_Records to process_

━━━━━━━━━━

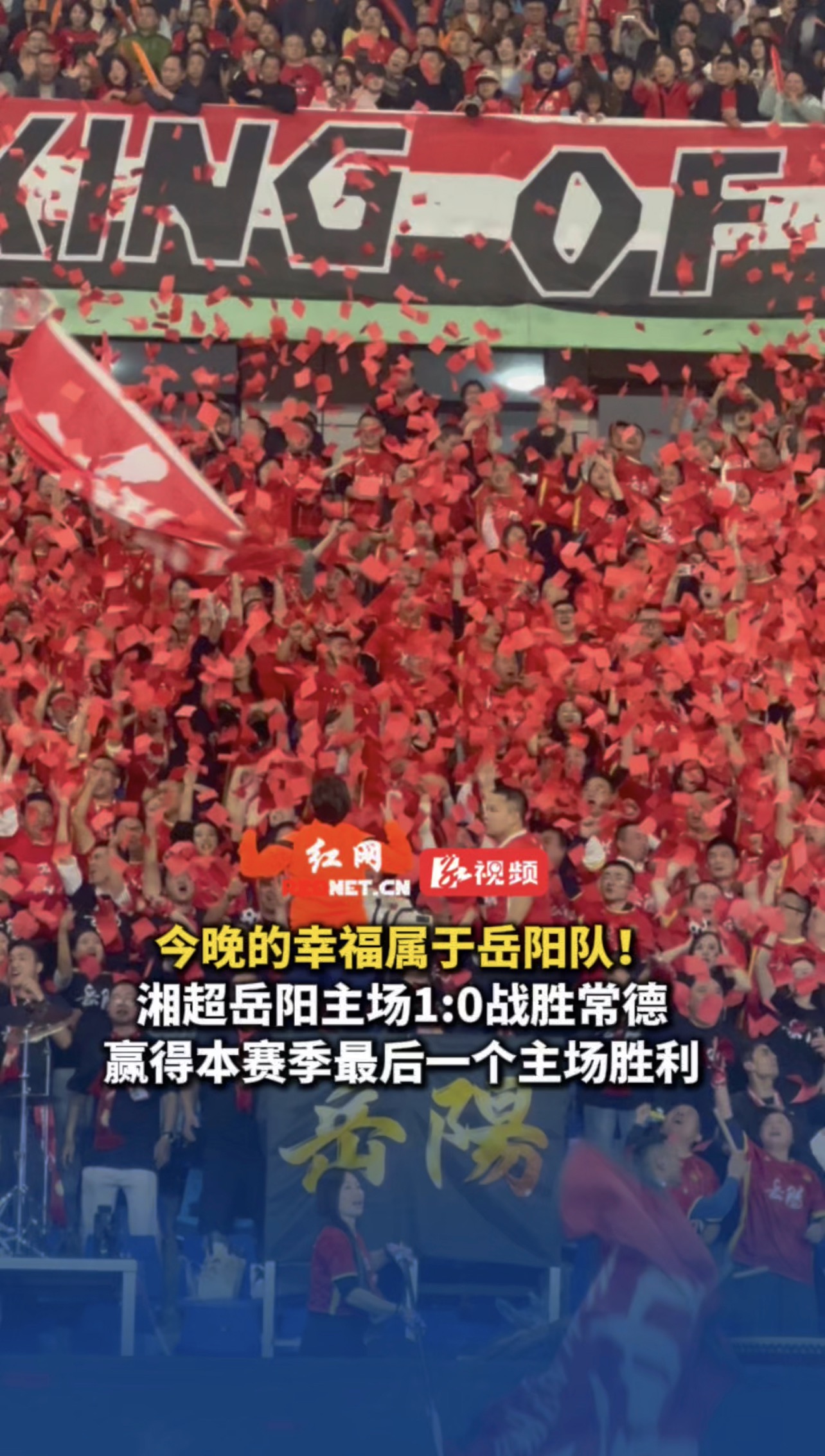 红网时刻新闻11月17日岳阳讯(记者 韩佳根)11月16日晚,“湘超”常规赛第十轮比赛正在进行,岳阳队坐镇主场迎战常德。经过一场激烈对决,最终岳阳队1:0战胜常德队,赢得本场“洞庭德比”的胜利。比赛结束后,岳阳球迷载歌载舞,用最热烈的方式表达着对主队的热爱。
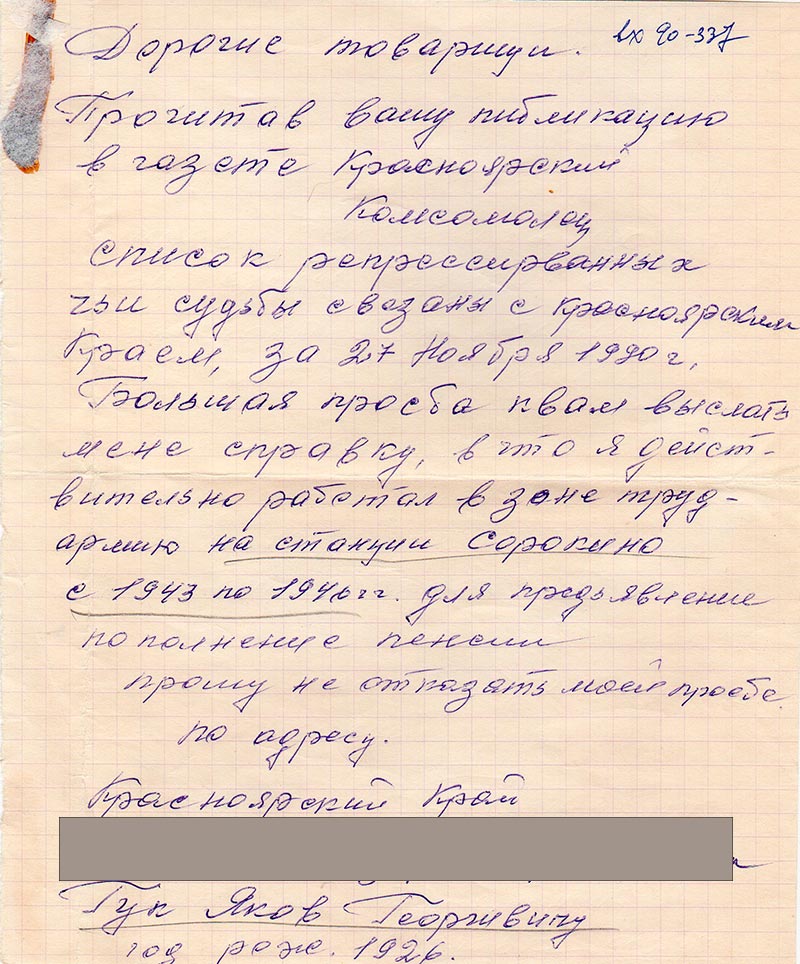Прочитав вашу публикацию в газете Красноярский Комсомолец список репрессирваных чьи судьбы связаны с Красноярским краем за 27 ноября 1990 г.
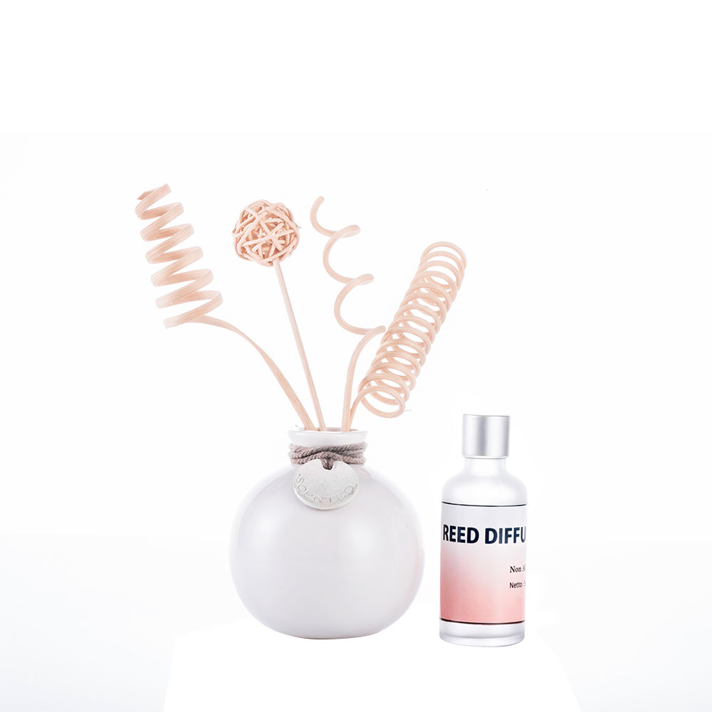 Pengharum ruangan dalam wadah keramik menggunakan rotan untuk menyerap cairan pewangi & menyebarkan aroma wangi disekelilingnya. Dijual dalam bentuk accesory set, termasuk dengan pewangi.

━━━━━━━━━━

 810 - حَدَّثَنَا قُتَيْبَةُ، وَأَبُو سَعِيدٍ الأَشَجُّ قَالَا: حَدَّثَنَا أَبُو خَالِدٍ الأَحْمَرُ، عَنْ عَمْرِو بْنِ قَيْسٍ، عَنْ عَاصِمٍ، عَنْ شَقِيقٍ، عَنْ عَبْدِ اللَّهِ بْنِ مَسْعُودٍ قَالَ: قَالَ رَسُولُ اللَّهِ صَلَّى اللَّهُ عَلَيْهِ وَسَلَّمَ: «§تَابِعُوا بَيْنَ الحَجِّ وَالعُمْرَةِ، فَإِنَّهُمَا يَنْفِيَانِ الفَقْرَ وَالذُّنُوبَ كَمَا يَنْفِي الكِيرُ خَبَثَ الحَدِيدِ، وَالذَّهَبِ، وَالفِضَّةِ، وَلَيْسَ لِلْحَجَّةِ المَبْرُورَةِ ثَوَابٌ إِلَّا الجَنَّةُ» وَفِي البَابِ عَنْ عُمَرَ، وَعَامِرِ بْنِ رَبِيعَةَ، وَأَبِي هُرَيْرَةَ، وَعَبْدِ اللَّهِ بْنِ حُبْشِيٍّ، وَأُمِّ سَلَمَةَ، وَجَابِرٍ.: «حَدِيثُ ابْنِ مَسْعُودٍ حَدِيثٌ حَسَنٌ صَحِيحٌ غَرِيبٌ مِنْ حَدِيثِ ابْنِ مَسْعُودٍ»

━━━━━━━━━━

_Task prompt_
From the line holding "红网时刻新闻11月17日岳阳" to the line holding "Pengharum ruangan dalam", both included, retype the entries above exactly and drop the pictures.

_Answer section_
 红网时刻新闻11月17日岳阳讯(记者 韩佳根)11月16日晚,“湘超”常规赛第十轮比赛正在进行,岳阳队坐镇主场迎战常德。经过一场激烈对决,最终岳阳队1:0战胜常德队,赢得本场“洞庭德比”的胜利。比赛结束后,岳阳球迷载歌载舞,用最热烈的方式表达着对主队的热爱。
Прочитав вашу публикацию в газете Красноярский Комсомолец список репрессирваных чьи судьбы связаны с Красноярским краем за 27 ноября 1990 г.
 Pengharum ruangan dalam wadah keramik menggunakan rotan untuk menyerap cairan pewangi & menyebarkan aroma wangi disekelilingnya. Dijual dalam bentuk accesory set, termasuk dengan pewangi.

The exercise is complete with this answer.